See the difference? Google gets keywords. AI gets context. The more context you give, the better the response. Not because you're "prompting" correctly — because you're having a conversation.
3. They Don't Know They Can Say "Ask Me Questions First"
This one changes everything. Instead of trying to craft the perfect request, just say:
"Before you answer, ask me any questions you need to give me the best response."
Now the AI interviews you. It asks what you need, what your constraints are, what you've already tried. You just answer naturally, and it builds a much better response from your answers.
You don't need to be good at asking questions. You just need to tell AI to ask them for you.
"But What If It's Wrong?"
It will be. AI gets things wrong. Sometimes confidently, which is the annoying part.
Here's the pattern to watch for:
- Too-specific numbers that you didn't verify ("studies show 73.2% of..." — did they? Which studies?)
- Perfect-sounding quotes from real people (AI loves making up quotes and attributing them)
- Overly clean explanations where everything fits together too neatly (real life is messy; AI sometimes makes it too tidy)
The fix is simple: if the AI tells you a fact that matters, check it. Not everything — just the stuff you'd stake something on. Same as you'd do with a coworker who's smart but occasionally makes stuff up.
What You Can Do Right Now
Open up ChatGPT, Claude, Gemini, or whatever's on your phone. Don't prepare. Don't study. Just tell it something you actually need help with today.

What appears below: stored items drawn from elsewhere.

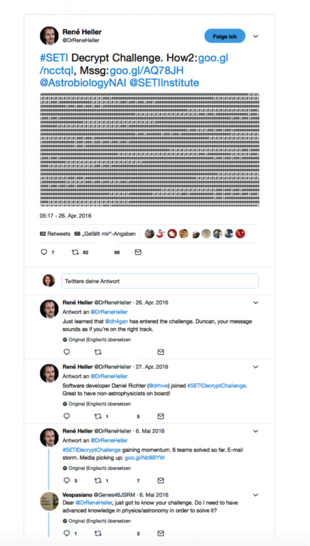 Alle Kollegen scheiterten. Selbst Nobelpreisträger. Vollständig entzifferte die Nachricht erst später ein Amateur-Code-Cracker. Er hatte die Nachricht in einem Magazin gelesen. Wie auch beim aktuellen Social-Media-Experiment zeigte sich also: Man muss kein Wissenschaftler sein, um (potentiell) mit Aliens zu kommunizieren.
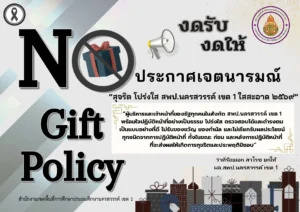 สพป.นครสวรรค์ เขต 1 ประกาศเจตนารมณ์ เรื่อง “สุจริต โปร่งใส สำนักงานเขตพื้นที่การศึกษาประถมศึกษานครสวรรค์ เขต 1 ใสสะอาด 2569 ” และ “งดรับ งดให้” ของขวัญ ของกำนัลทุกชนิดจากการปฏิบัติหน้าที่ (No Gift Policy 2569)
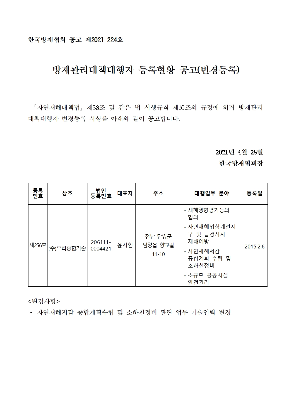 방재관리대책대행자 등록현황 공고(변경등록) - (주)우리종합기술 2021-04-29 공고문_제2021-224호_방재대행자 등록현황 공고(변경)_(주)우리종합기술.pdf (65046K) 목록보기 이전글방재관리대책대행자 등록현황 공고(변경등록) - (주)대영엔지니어링2021.05.24 다음글방재관리대책대행자 등록현황 공고(변경등록) - 주식회사 한종2021.04.21
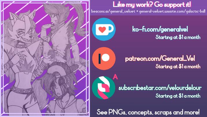I'm General Velvet, or General Vel for short, I'm an African American traditional artist. My work majority of the time revolves around fandoms, with the usual break of sona(s) or requests. However (with the time needed ofc), I might post more art which focuses more on original characters along with other projects to further development into my own stories in the future.
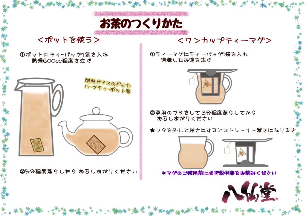 ポットにお湯を注いで3~5分程度蒸らすだけで美味しくお飲みいただけます。
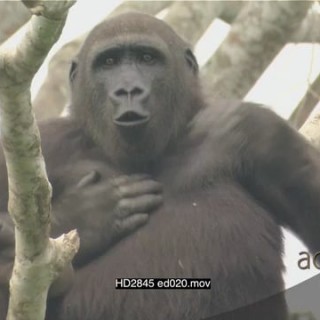 Gorilla sitting in tree beating chest and looking at camera MS HAND
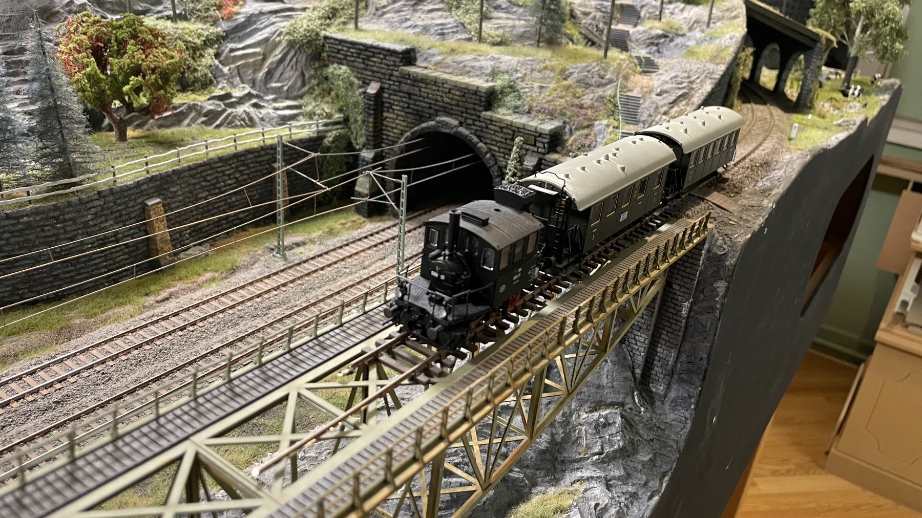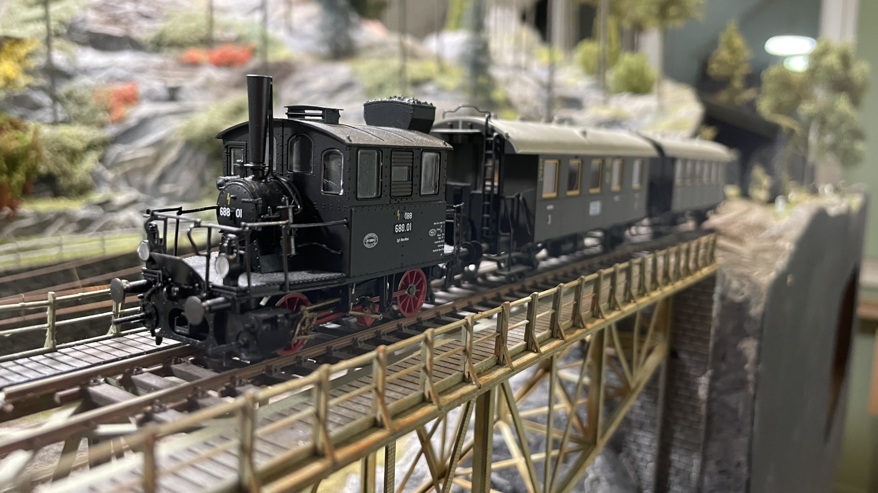 Sound en lichtfuncties laat ik (door iTrain) ook pas aanzetten als een trein het zichbare deel van de baan nadert en gaat weer uit als ze dit deel verlaten (niet alle rijtuigen hebben een functiedecoder dus die blijven wel branden).
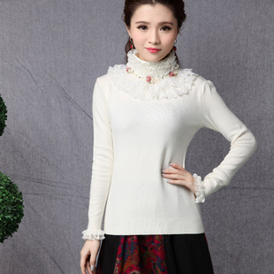 民族風(fēng)2014秋冬新款打底衫女 蕾絲花邊領(lǐng)厚款針織衫女廠(chǎng)家直批 /
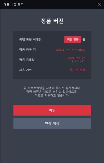 - 라이선스 인증이 해제되면 해당 라이선스 키 혹은 곰랩 로그인 계정을 사용하여다른 PC 에서 재등록 후 제품을 사용할 수 있습니다.
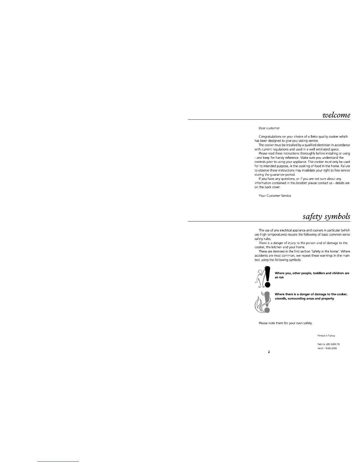 Beko DV655 - Welcome and Safety Symbols; Safety Symbols Explanation
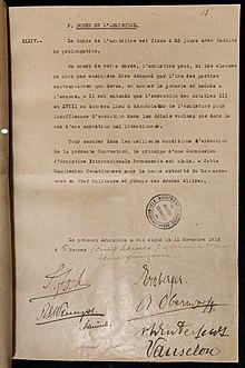- ^ a b c d e f g h i j k l m n o p q r s t Convention (PDF), 11 November 1918, archived from the original (PDF) on 23 November 2018, retrieved 17 November 2017
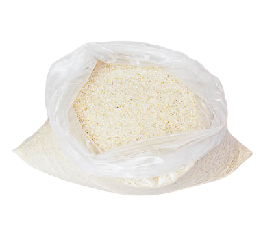 Мелкофракционный кварцевый песок упакован в пакет, защищающий песок от влаги и рассыпания, и коробку.
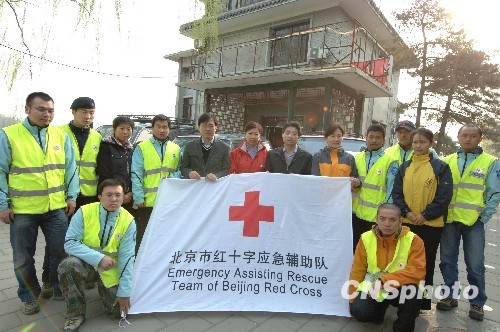 图为14日下午,北京市红十字会蓝天救援队首批队员整装待发,他们将乘坐3辆越野车日夜不停赶赴灾区。中新社发 李学仕 摄
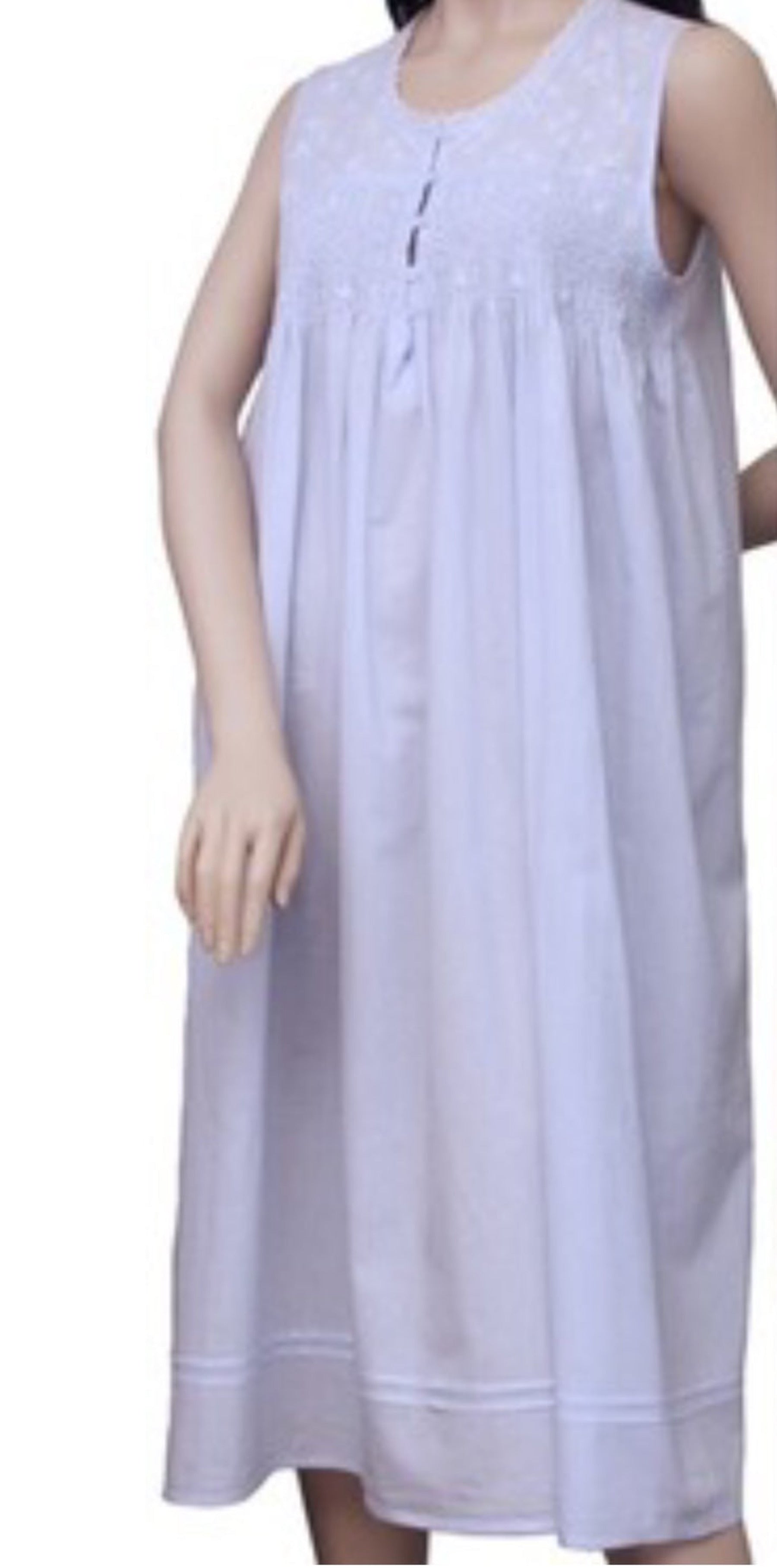 Look and feel your best in our Hanna Soft Blue Cotton Nighty. Its luxurious voile cotton fabric and beautiful embroidery offer soft comfort and style. Whether a special night or just for a good night's sleep, this nighty is sure to make you feel pampered!
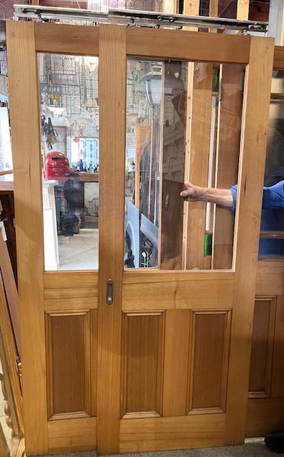 Internal clear glass timber sliding door pair on tracks, W 1532 x H 2015 x D 35mm (D341) $545
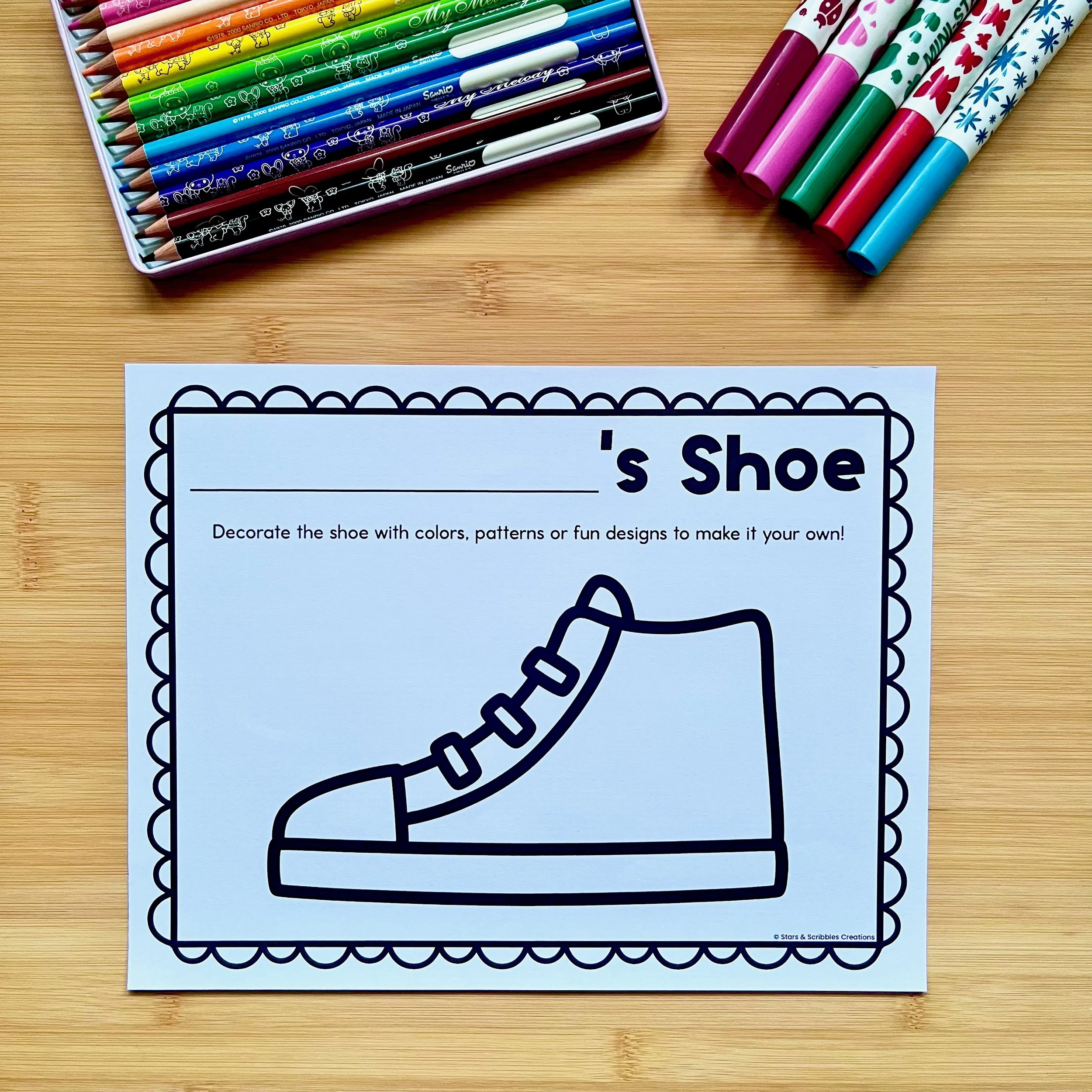 You’ll notice there are two shoe templates in the download, one is shown here and the other is a different style of shoe that I didn’t snap a photo of. I couldn’t decide between the two shoe templates so I included both! These pages can also be used to tie into Pete the Cat: Rocking in My School Shoes.
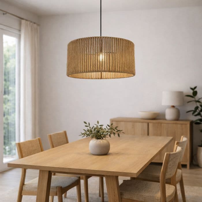 Un clásico reinventado. El modelo Kenia en yute combina la rusticidad de la fibra natural con toques modernos gracias a sus accesorios en color negro. Viene lista para instalar y es ideal para jugar con las alturas o colocar varias en línea sobre una barra o isla de cocina.

Not a test question. Not "write me a poem" to see if it works. An actual thing you're dealing with.
- "I need to figure out what to cook this week, I have chicken and pasta in the pantry and I'm tired of the same three recipes"
- "My landlord raised my rent and I don't know if that's legal in my state, can you help me figure out my options?"
- "I'm writing a birthday card for my dad and I can never think of what to say"
Talk to it like a person. See what happens. If it's not perfect, tell it what's wrong and let it try again.
That's the whole tutorial. You just graduated.
The Real Secret Nobody Talks About
The people who are "good at AI" aren't smarter than you. They're not more technical. They just started talking to it sooner, and they kept talking when the first answer wasn't perfect.
That's literally the whole gap between "I don't know how to use AI" and "AI changed how I work." It's not a skill gap. It's a starting gap.
Close it today. It takes five minutes.